● Dataset extract:
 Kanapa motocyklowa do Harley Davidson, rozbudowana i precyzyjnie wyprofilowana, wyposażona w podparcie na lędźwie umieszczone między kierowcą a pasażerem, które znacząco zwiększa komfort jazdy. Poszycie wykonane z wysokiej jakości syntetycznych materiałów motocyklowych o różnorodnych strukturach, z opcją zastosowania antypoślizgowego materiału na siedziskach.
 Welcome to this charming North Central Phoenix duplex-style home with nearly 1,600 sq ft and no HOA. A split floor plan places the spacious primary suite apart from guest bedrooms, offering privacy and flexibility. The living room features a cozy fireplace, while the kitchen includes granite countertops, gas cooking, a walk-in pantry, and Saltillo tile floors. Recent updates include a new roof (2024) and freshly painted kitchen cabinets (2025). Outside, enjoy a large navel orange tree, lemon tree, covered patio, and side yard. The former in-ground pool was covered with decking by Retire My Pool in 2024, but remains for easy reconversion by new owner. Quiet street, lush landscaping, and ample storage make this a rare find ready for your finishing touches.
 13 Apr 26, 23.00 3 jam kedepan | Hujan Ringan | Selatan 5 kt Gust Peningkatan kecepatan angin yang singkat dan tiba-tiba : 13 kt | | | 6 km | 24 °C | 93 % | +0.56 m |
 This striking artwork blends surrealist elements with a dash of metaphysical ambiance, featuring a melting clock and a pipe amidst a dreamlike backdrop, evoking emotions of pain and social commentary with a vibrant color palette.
---
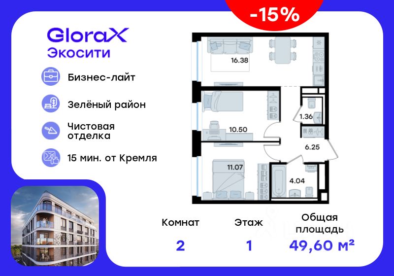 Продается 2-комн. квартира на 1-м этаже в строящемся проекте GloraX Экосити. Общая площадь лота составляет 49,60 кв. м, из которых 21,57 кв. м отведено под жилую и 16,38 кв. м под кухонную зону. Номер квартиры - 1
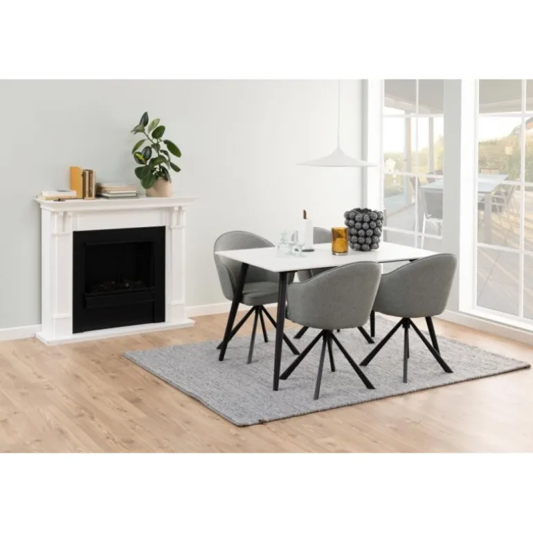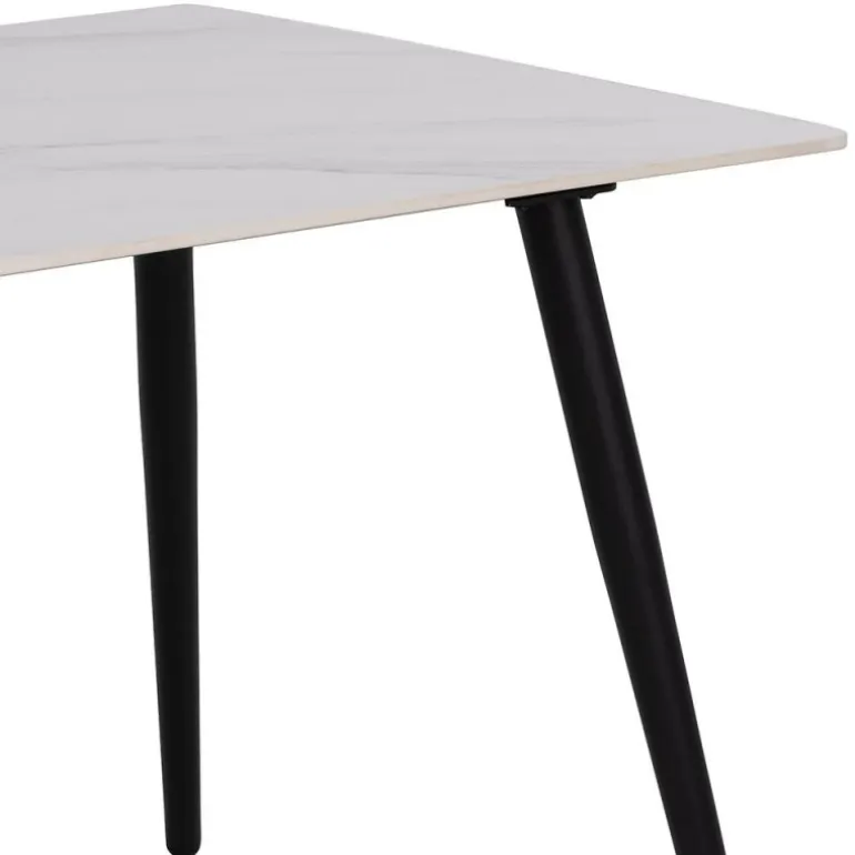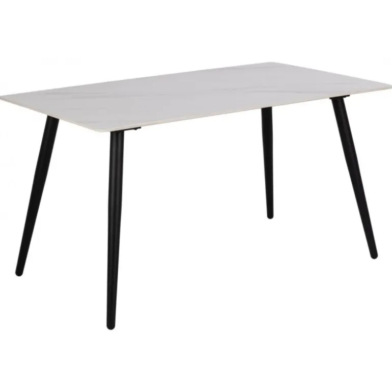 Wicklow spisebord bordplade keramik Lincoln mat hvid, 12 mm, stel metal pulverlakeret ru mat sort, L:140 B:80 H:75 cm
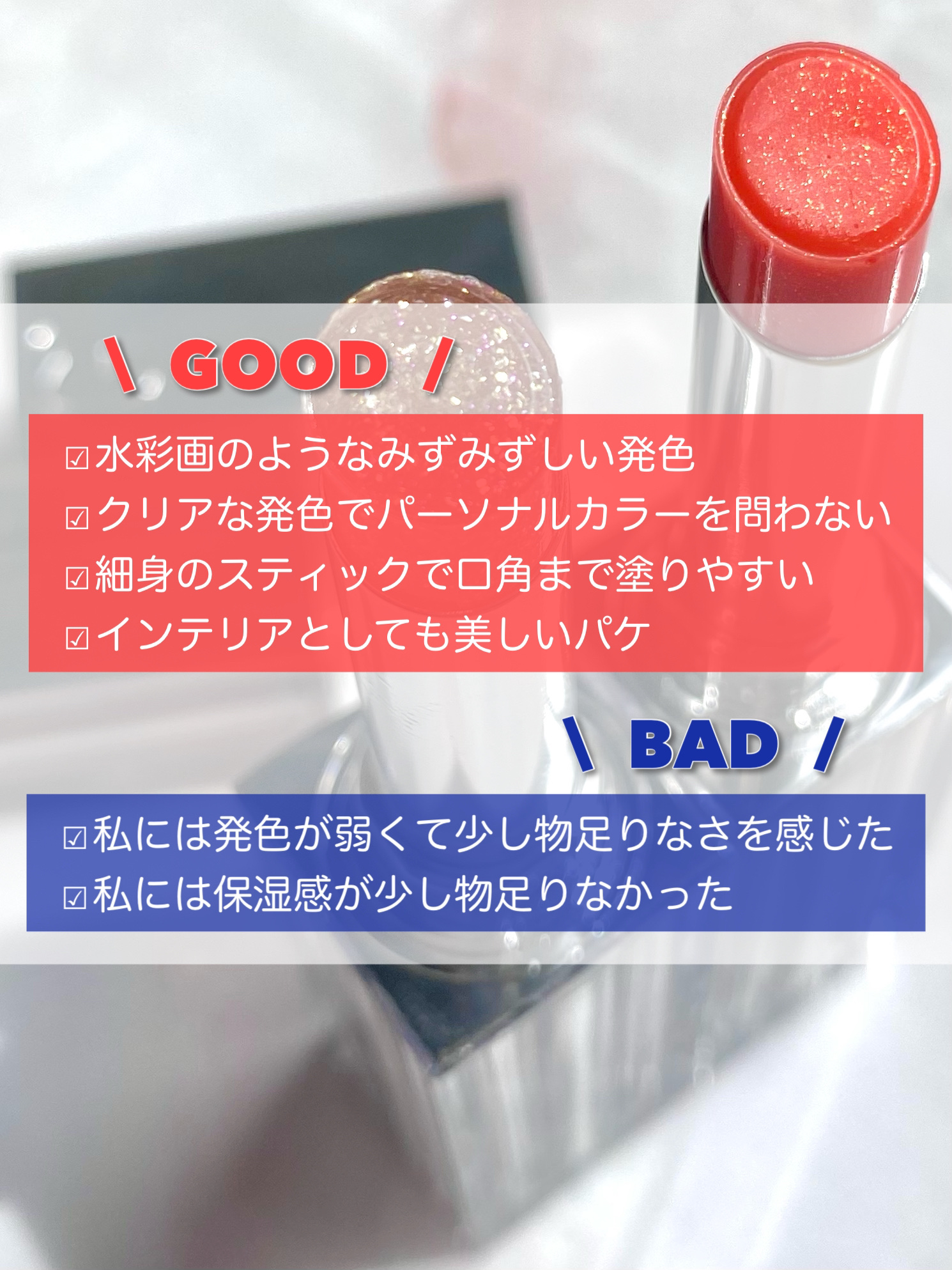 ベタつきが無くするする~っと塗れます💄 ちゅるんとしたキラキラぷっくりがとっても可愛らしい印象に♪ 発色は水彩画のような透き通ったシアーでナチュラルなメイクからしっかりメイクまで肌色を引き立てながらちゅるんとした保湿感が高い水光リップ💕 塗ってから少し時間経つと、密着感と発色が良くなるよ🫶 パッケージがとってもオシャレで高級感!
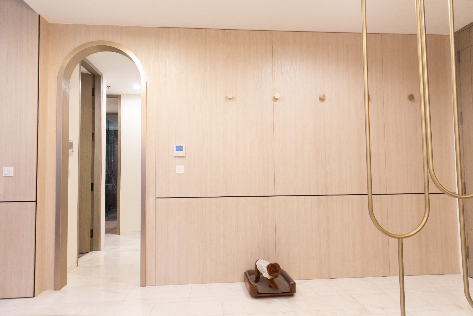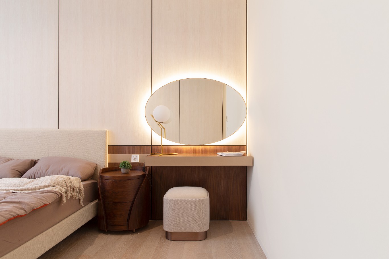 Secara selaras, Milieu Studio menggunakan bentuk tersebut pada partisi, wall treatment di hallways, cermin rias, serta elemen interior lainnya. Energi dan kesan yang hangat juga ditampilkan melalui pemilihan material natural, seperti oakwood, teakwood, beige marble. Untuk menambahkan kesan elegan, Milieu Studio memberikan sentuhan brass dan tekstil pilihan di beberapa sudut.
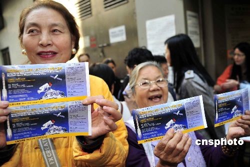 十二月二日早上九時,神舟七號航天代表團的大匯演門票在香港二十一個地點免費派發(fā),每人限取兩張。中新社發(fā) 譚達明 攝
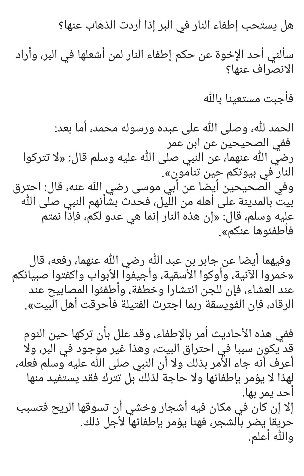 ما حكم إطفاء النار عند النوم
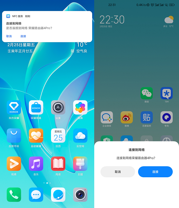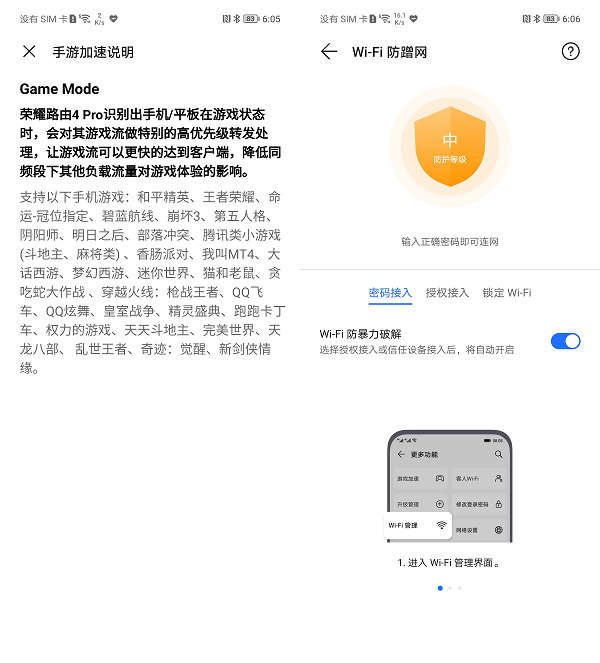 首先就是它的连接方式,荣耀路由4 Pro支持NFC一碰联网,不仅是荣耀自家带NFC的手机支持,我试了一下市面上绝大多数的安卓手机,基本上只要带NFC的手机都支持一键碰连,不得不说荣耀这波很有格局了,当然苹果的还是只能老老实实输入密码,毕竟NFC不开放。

● Task:
After locating the line with "Kanapa motocyklowa do" in the material above, return it and each line after it exactly, ending at the line with "This striking artwork".

● Written answer:
 Kanapa motocyklowa do Harley Davidson, rozbudowana i precyzyjnie wyprofilowana, wyposażona w podparcie na lędźwie umieszczone między kierowcą a pasażerem, które znacząco zwiększa komfort jazdy. Poszycie wykonane z wysokiej jakości syntetycznych materiałów motocyklowych o różnorodnych strukturach, z opcją zastosowania antypoślizgowego materiału na siedziskach.
 Welcome to this charming North Central Phoenix duplex-style home with nearly 1,600 sq ft and no HOA. A split floor plan places the spacious primary suite apart from guest bedrooms, offering privacy and flexibility. The living room features a cozy fireplace, while the kitchen includes granite countertops, gas cooking, a walk-in pantry, and Saltillo tile floors. Recent updates include a new roof (2024) and freshly painted kitchen cabinets (2025). Outside, enjoy a large navel orange tree, lemon tree, covered patio, and side yard. The former in-ground pool was covered with decking by Retire My Pool in 2024, but remains for easy reconversion by new owner. Quiet street, lush landscaping, and ample storage make this a rare find ready for your finishing touches.
 13 Apr 26, 23.00 3 jam kedepan | Hujan Ringan | Selatan 5 kt Gust Peningkatan kecepatan angin yang singkat dan tiba-tiba : 13 kt | | | 6 km | 24 °C | 93 % | +0.56 m |
 This striking artwork blends surrealist elements with a dash of metaphysical ambiance, featuring a melting clock and a pipe amidst a dreamlike backdrop, evoking emotions of pain and social commentary with a vibrant color palette.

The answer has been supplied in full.